Son zamanlarda Merkez Bankası’nın Kur Korumalı Mevduat’tan (KKM) kurtulma çabalarını ilgiyle izliyorum. Şu ana kadar atılan adımlar ve söz konusu adımların yan etkilerini gidermek için atılan adımları bir hatırlayalım:
- KKM’den TL mevduata geçiş için zorunlu karşılık silahı kullanıldı
- Bu etkili olmayınca politika faizleri yükseltildi
- KMM’den TL mevduata geçiş için uygulama tebliği açıklandı
- Arzu edilen ilgi oluşmayınca “bir yıl vadeli KKM için daha düşük zorunlu karşılık” denendi
- Bu da ilgi uyandırmadı, bu sırada politika faizleri bir kez daha yükseltildi
- Kendi yazdığı mevzuatı bir anda hatırlayan Merkez Bankası yönetimi, “KKM’de minimum faiz politika faizidir” maddesinin hedefleriyle çeliştiğini nihayet anladı ve kaldırdı.
Bankalar ile yaptığım görüşme neticesinde “KKM faizini düşürürüz ama TL mevduat faizi %45'ten aşağıda olamaz” dediler. Kaynak ihtiyacı ortadayken hiçbir bankanın TL mevduat faizlerini düşüreceğini beklemiyorum. Bu arada geçen hafta Döviz KKM’lerden TL Mevduata daha yüksek faiz verilirken, bu haftadan itibaren KKM’de TL olan hesapların vade dönüşlerine de eğer TL mevduata geçmek isteyen olursa yüksek faiz verilmeye başlanacakmış. Tüm bunların sonucunda TL mevduat faizleri %45 ile %55 arasında dengelenecek gibi gözüküyor.
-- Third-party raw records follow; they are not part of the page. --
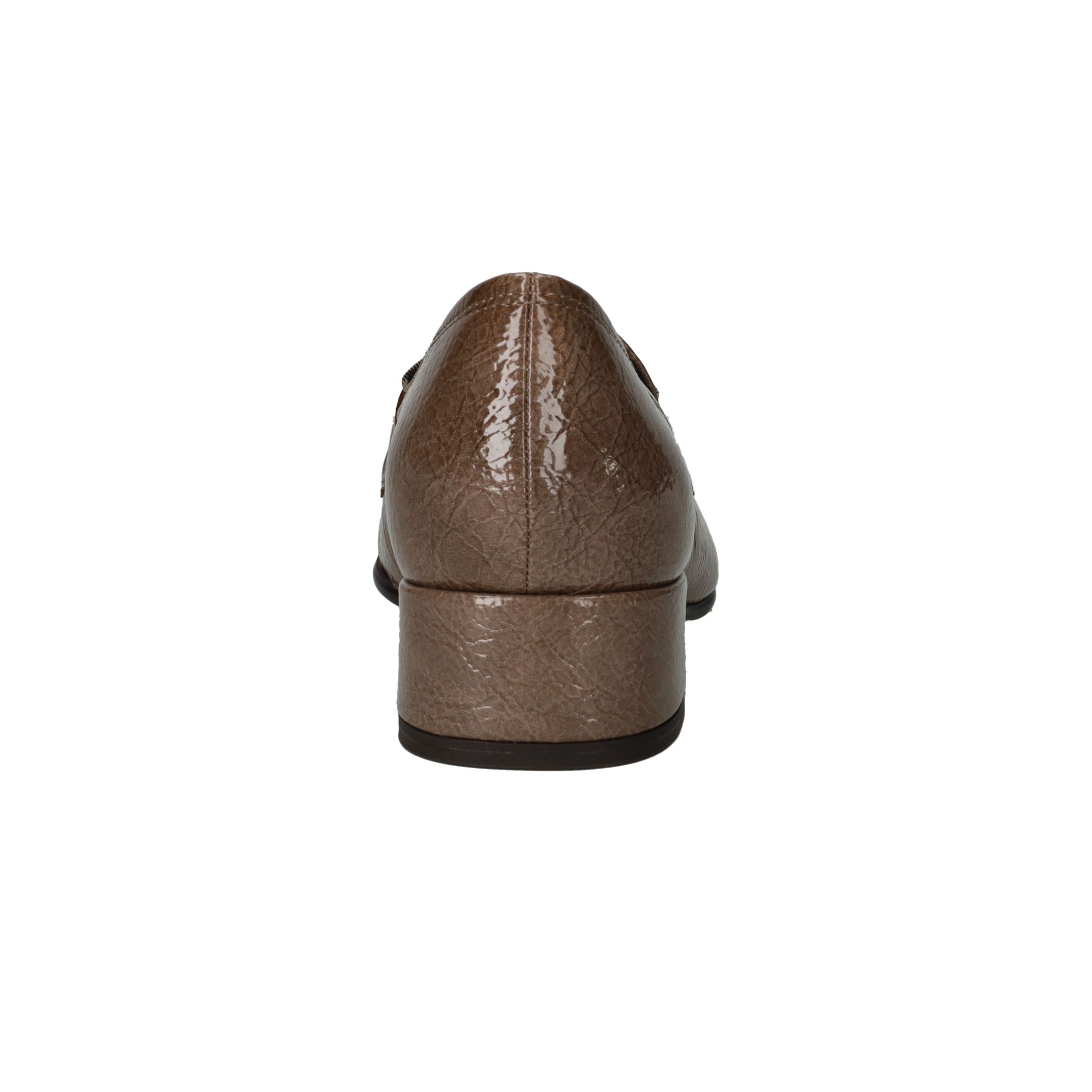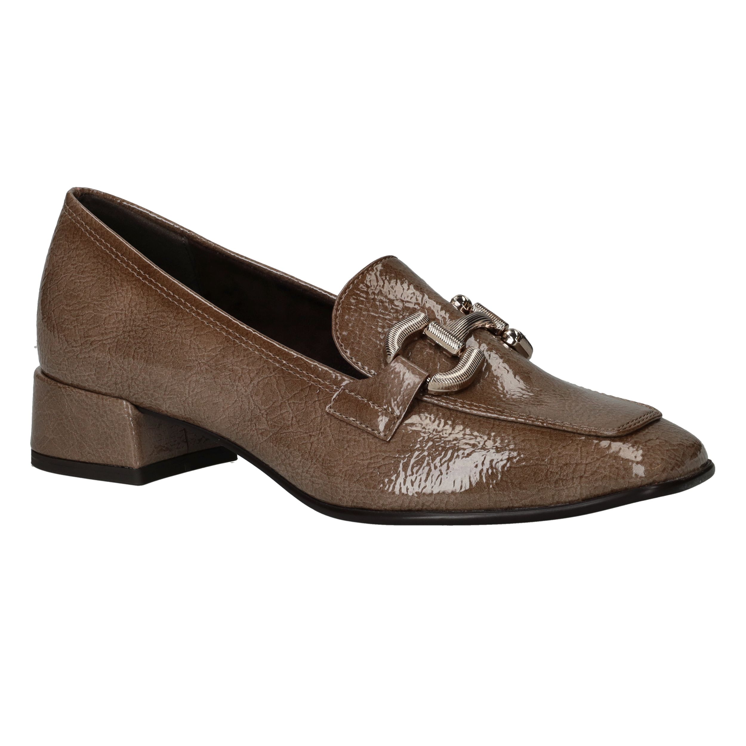 Deze taupekleurige Tamaris instappers zijn een elegante keuze voor dames die stijl en comfort willen combineren zonder poespas. Het glanzende lakmateriaal geeft de schoen een luxe uitstraling, terwijl het zachte textiel aan de binnenkant zorgt voor een aangenaam draaggevoel. Dankzij de vegan uitvoering én voetbreedte G zitten ze niet alleen fijn, maar zijn ze ook een bewuste keuze.
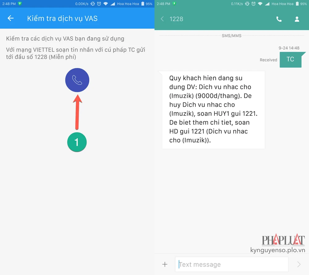 - Bước 3: Nếu muốn biết mình đang sử dụng dịch vụ gì, bạn hãy chọn Kiểm tra dịch vụ VAS, bấm vào nút gọi điện để gửi tin nhắn theo cú pháp được soạn sẵn. Kết quả trả về sẽ kèm theo cú pháp để bạn hủy những dịch vụ không bao giờ xài đến nhằm tránh bị mất tiền oan uổng.
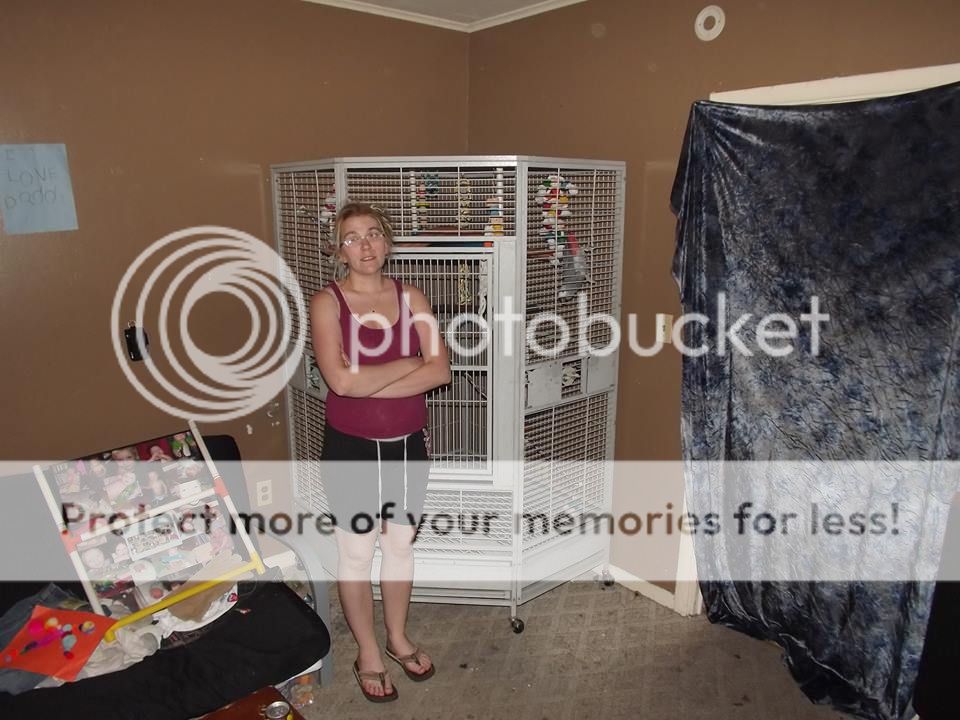 Marley the grey is also 13, he's a plucker, his previous owners kept him covered during the 8 years that they owned him. now he has a HUGE 6ft tall corner cage with lots of toys and attention and GOOD food.
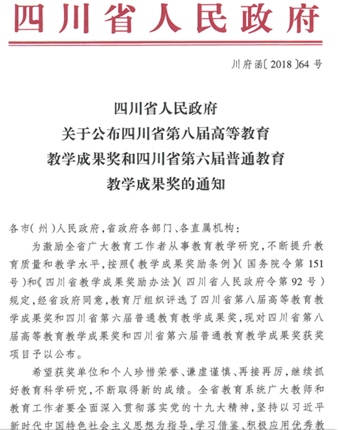 据悉,四川省高等教育教学成果奖代表了全省教学成果的最高水平,此次评选,共评出省级教学成果奖380项,其中一等奖100项,二等奖120项,三等奖160项。

Merkez Bankası’nın KKM’den kurtulma çabasını takdirle karşılarken, atılan adımlar gösteriyor ki yönetimdeki arkadaşlar piyasadaki işleyişten, mevduat sahibinin eğilimleri ve beklentilerinden haberdar değiller. Ayrıca mevzuat açısından kafalarının karışık olduğu da anlaşılıyor. Bu kadar çok sık karar almak yerine daha sakin ve net karar almaları hepimiz için daha uygun olacak.